The function first finds the index of the input book in the book_pivot dataframe using the np.where function and assigns it to the variable book_id.

It then calls the kneighbors() method of the model instance with the feature vector of the input book to find the distances and indices of the 6 nearest neighbors in the book_pivot dataframe.
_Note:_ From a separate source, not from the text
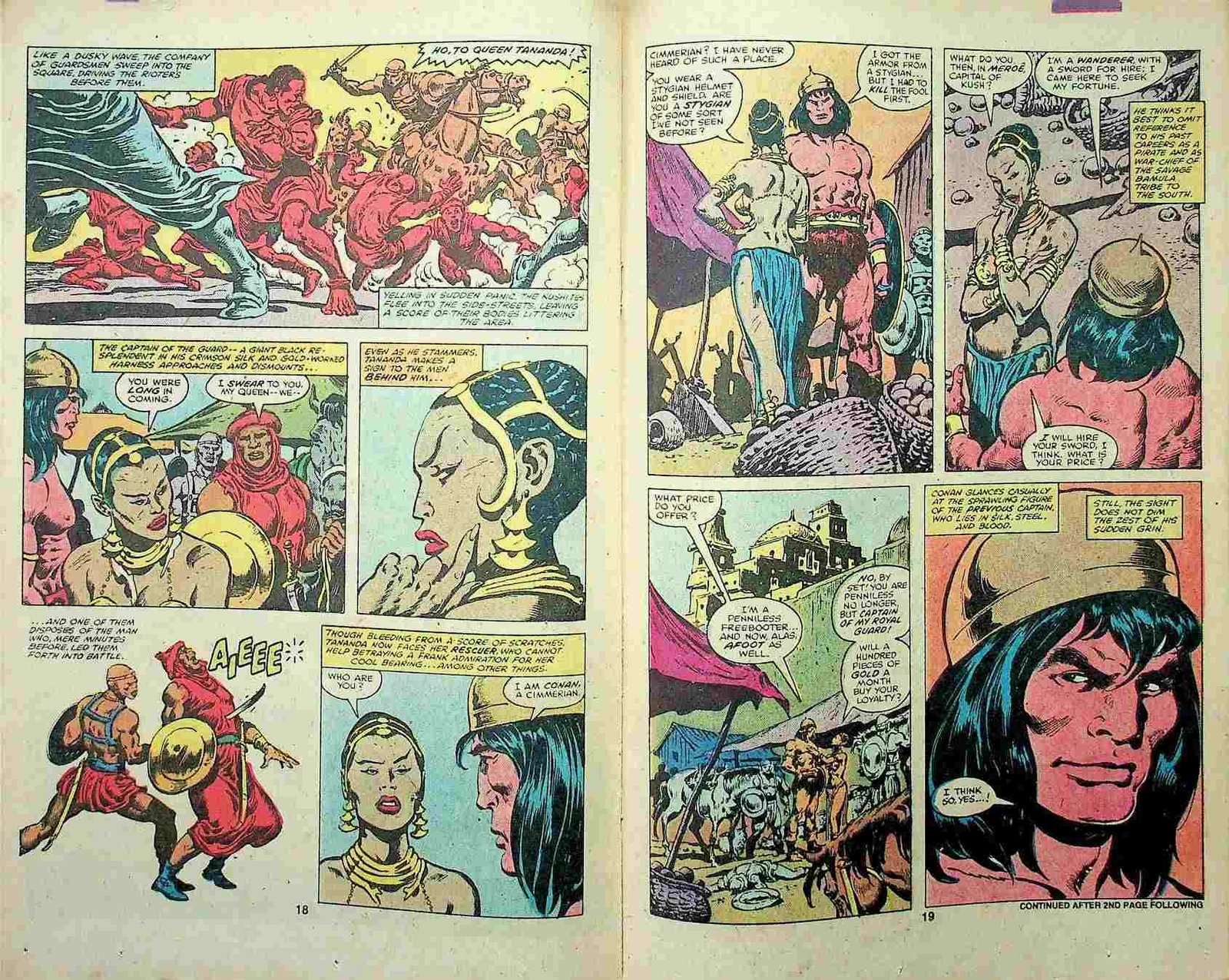 Chaos in the land Called Kush!, script by Roy Thomas, pencils by John Buscema, inks by Ernie Chan; Meroe, capital of Kush: Conan saves Queen Tananda from an angry mob and is made captain of her guards; Tuthmes uses a swine-demon to kill Amboola, he presents Diana to Queen Tananda as a slave; Conan takes…

The function then loops over the 6 nearest neighbors and prints the names of the top 5 recommendations, excluding the input book itself.

In [74]:
def recommend_book(book_name):
    # book_id fetch
    book_id = np.where(book_pivot.index==book_name)[0][0]
    distances, suggestions=model.kneighbors(book_pivot.iloc[book_id, :].values.reshape(1,-1), n_neighbors=6)
    
    for i in range(len(suggestions)):
        if i == 0:
            print("The suggestions for", book_name,"are :")
        if not i:
            print(book_pivot.index[suggestions[i]])

In [75]:
recommend_book('Animal Farm')

The suggestions for Animal Farm are :
Index(['Animal Farm', 'Exclusive', 'Jacob Have I Loved', 'Second Nature',
       'Pleading Guilty', 'No Safe Place'],
      dtype='object', name='title')


# Conclusion

To sum up, collaborative filtering has demonstrated to be a very successful method for creating book recommender systems. Collaborative filtering algorithms can accurately anticipate which books a user will like by examining user behavior and preferences. These systems can also assist readers in finding new books that they might not have otherwise known about, making for a fuller and more enjoyable reading experience. These systems will probably get increasingly more precise and perceptive as the amount of data available to them expands, offering readers an ever-expanding universe of books to explore. Overall, collaborative filtering has the potential to transform the way we discover and consume literature, making it easier than ever before to locate the perfect book for any occasion.